Posted on Mar 1 • Originally published at shmulc.substack.com on May 18, 2025

Stop Wasting LLM Tokens!

#ai #productivity #programming #llm

The Shocking Truth About What Really Affects Your LLM

Zero Waste Tokens

In recent years, Large Language Models (LLMs) and vision-language models (VLMs) have taken the world by storm. With their meteoric rise, a new discipline emerged: Prompt Engineering.

As prompt engineering exploded, so did the myths around it. In this post, I break down what works, what doesn’t, and why being concise might just be the real prompt superpower.

What is Prompt Engineering?

Prompt engineering is the art of crafting task-specific instructions — prompts — to elicit high-quality outputs from AI models, without modifying their internal architecture or retraining them. Instead of changing the model, we change the input to unlock the model’s latent capabilities.

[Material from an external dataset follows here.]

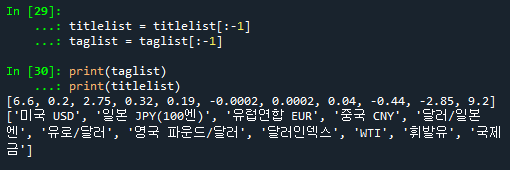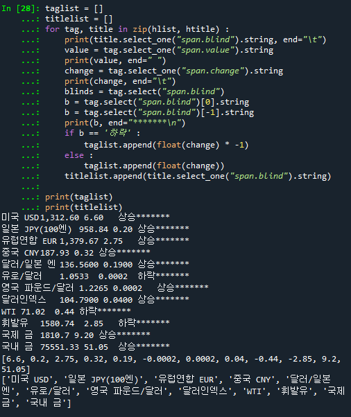 taglist.append(float(change) * -1) # 하락인 경우 음수로 표시
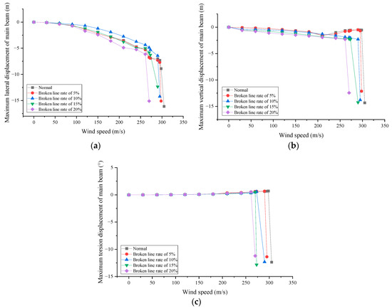 Maximum displacement curve of main beam with wind speed under different wire breakage rates; (a) Lateral displacement (b) Vertical displacement; (c) Torsion angle.

These prompts can be natural language instructions, few-shot examples, or even learned vector embeddings. At their best, prompts act like keys that unlock the right behavior within a powerful pre-trained model.

The results have been impressive. Prompt engineering has powered everything from more coherent summaries to stronger reasoning and even complex task automation. Naturally, this led to an explosion of prompt libraries, marketplaces, and tools promising “10x better results.”

The Prompt Engineering Hype

Take a simple instruction like:

“Summarize this article in 3–4 paragraphs”

A prompt engineer might turn it into something like::

Companies and researchers claim these elaborate prompts significantly outperform basic ones. Prompt marketplaces even emerged, selling optimized templates as premium assets.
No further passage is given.